WHAT YOU SHOULD DO:
Print the line containing "这次手机摄影展是彭浩用了一年", then every line after it through the end of the material, exactly as written and without pictures.

DATASET EXCERPT:
▼

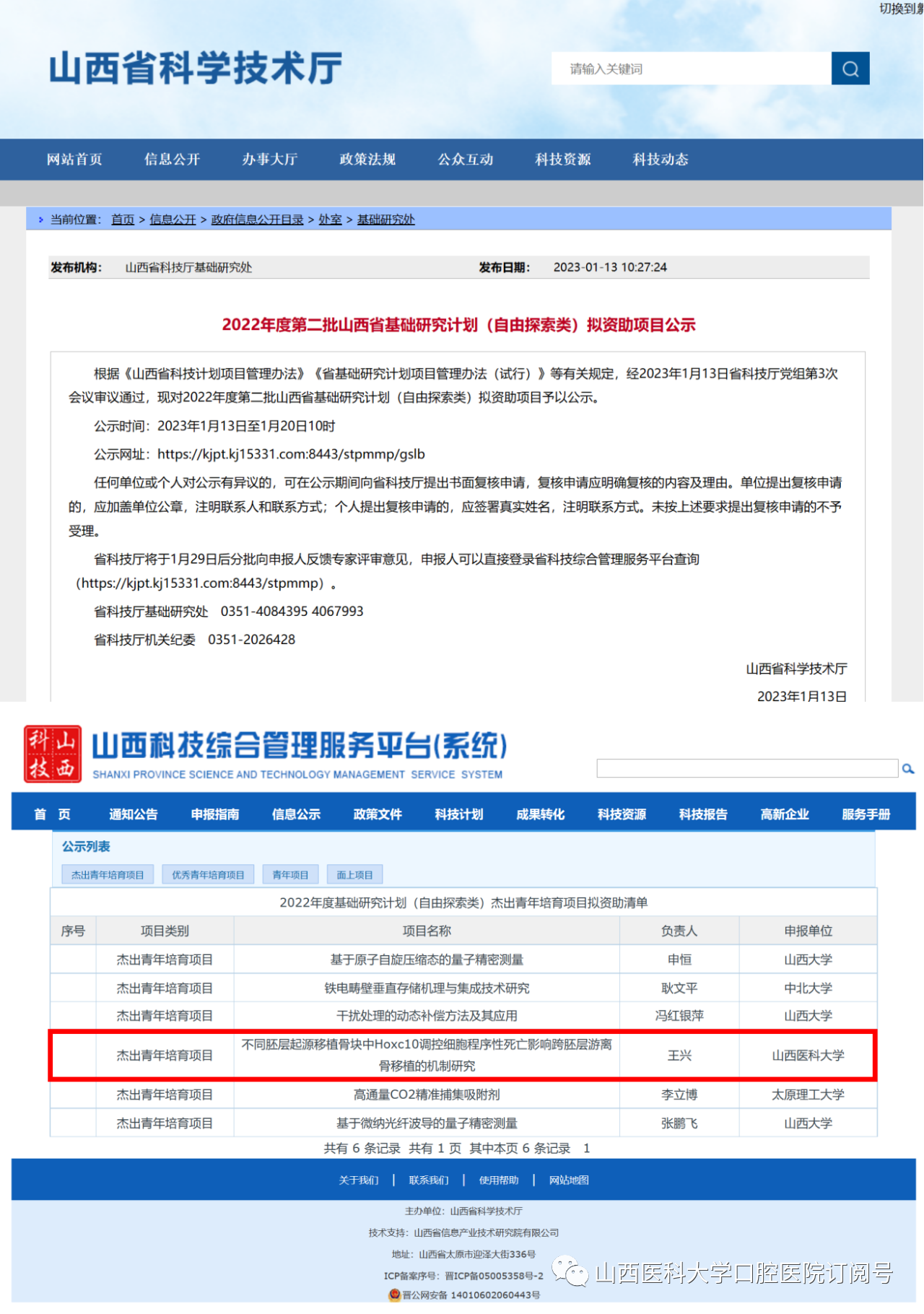 此外,省科技厅2022年度第二批山西省基础研究计划(自由探索类)项目评审结果揭晓,口腔医(学)院共获批6项,稳居山西省口腔专业第一位。王兴教授申报的课题《不同胚层起源移植骨块中Hoxc10调控细胞程序性死亡影响跨胚层游离骨移植的机制研究》荣获2022年度基础研究计划(自由探索类)杰出青年培育项目。该项目首次以跨胚层骨移植中细胞程序性死亡调控为切入点,初步揭示细胞程序性死亡调控自体骨移植免疫耐受的机制,为自体组织移植免疫调控机制拓展了视角和理论基础。
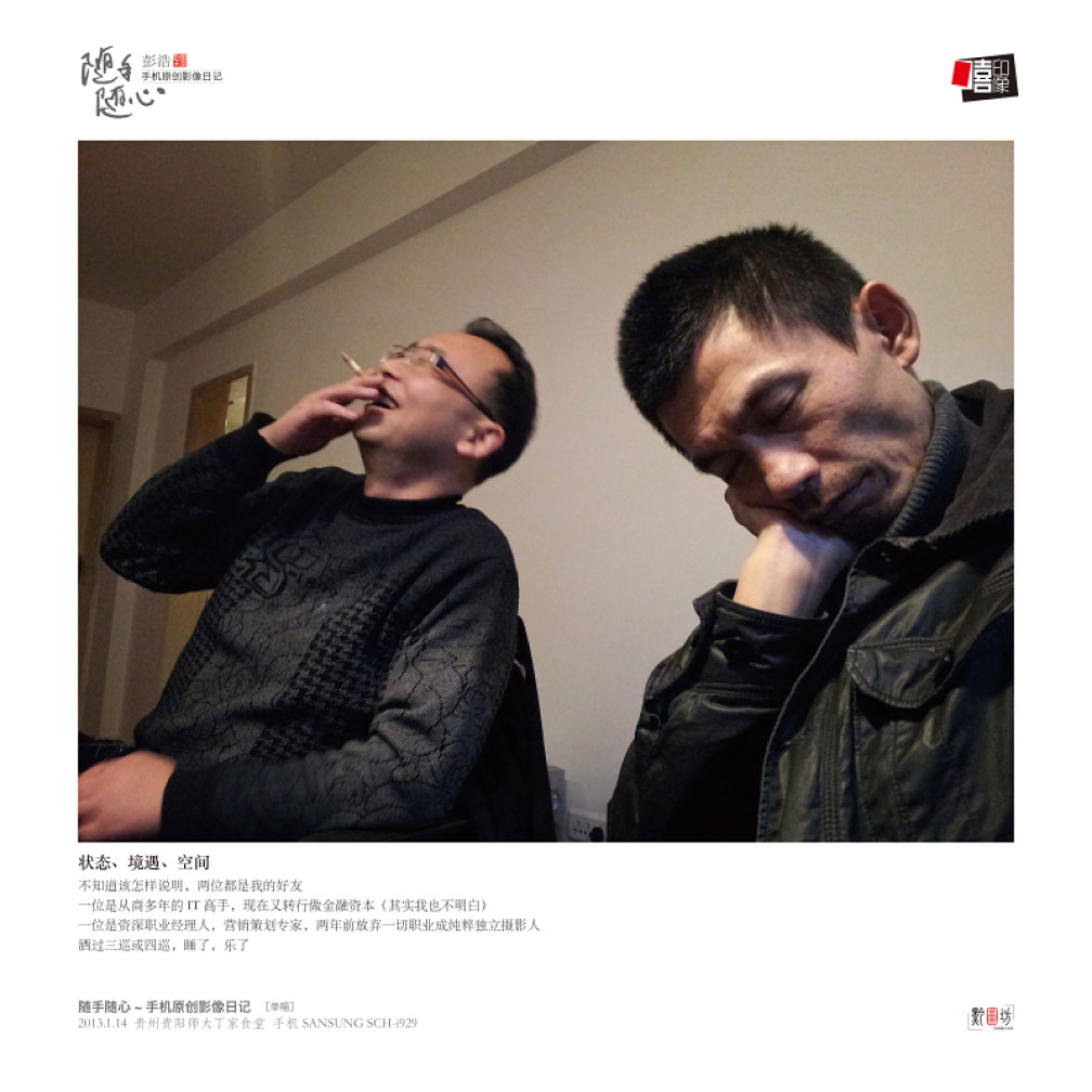 这次手机摄影展是彭浩用了一年的时间,采用手机纪实拍摄的手法与微信实时传播的方式,记录了身边的各式各样的生活与场景。展出作品1500余幅,其中,影像日记作品100套,单幅作品40幅,
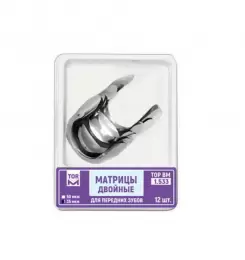 234 ₽ 260 ₽ №1.533 Матрицы двойные для передних зубов 12 шт. (ТОР ВМ) Матрицы двойные для передних зубов №1.533 удобны для реставрации апроксимальных и цервикальных поверхностей передних зубов. Комплектация12 шт
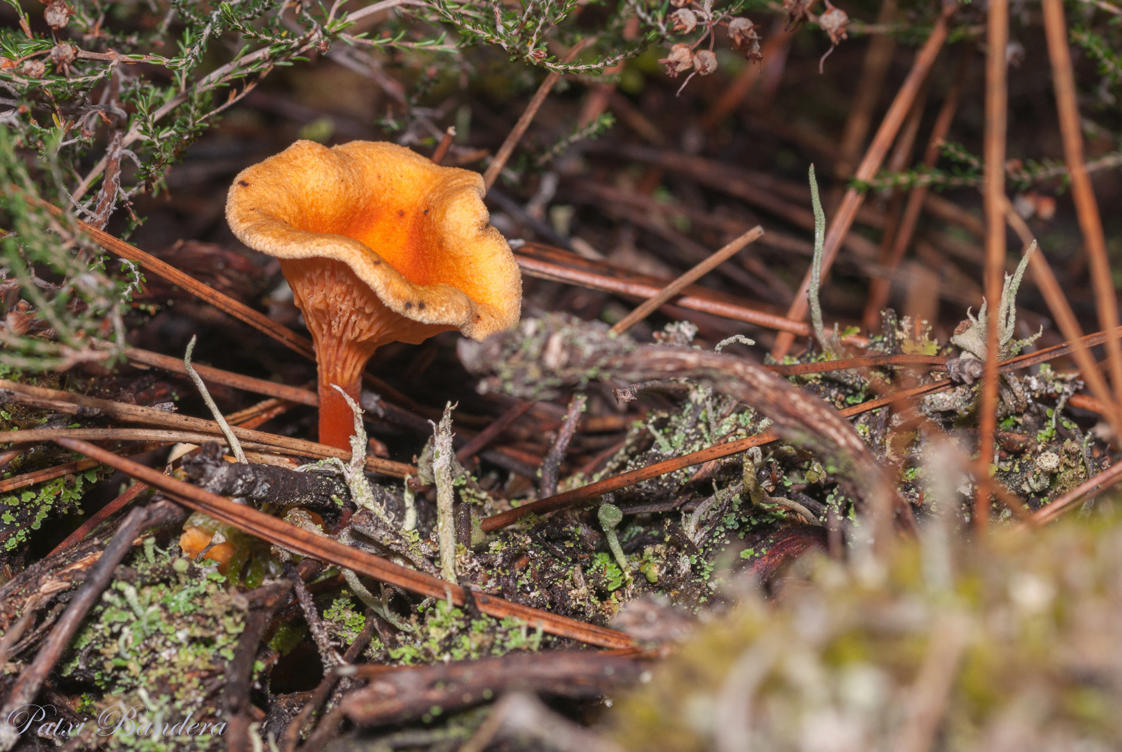 Hola a todos. Soy nuevo aquí y me gustaría que me ayudarais a identificar esta seta. Por la descripción puede ser una Cantharellus friesii, pero no hay foto de ella en la página de Fungipedia. La foto no tiene retoques, sólo conversión de NEF a JPG, y fué tomada entre pinos cerca de León. Gracias por vuestra ayuda.

▲

THE COMPLETED TASK:
 这次手机摄影展是彭浩用了一年的时间,采用手机纪实拍摄的手法与微信实时传播的方式,记录了身边的各式各样的生活与场景。展出作品1500余幅,其中,影像日记作品100套,单幅作品40幅,
 234 ₽ 260 ₽ №1.533 Матрицы двойные для передних зубов 12 шт. (ТОР ВМ) Матрицы двойные для передних зубов №1.533 удобны для реставрации апроксимальных и цервикальных поверхностей передних зубов. Комплектация12 шт
 Hola a todos. Soy nuevo aquí y me gustaría que me ayudarais a identificar esta seta. Por la descripción puede ser una Cantharellus friesii, pero no hay foto de ella en la página de Fungipedia. La foto no tiene retoques, sólo conversión de NEF a JPG, y fué tomada entre pinos cerca de León. Gracias por vuestra ayuda.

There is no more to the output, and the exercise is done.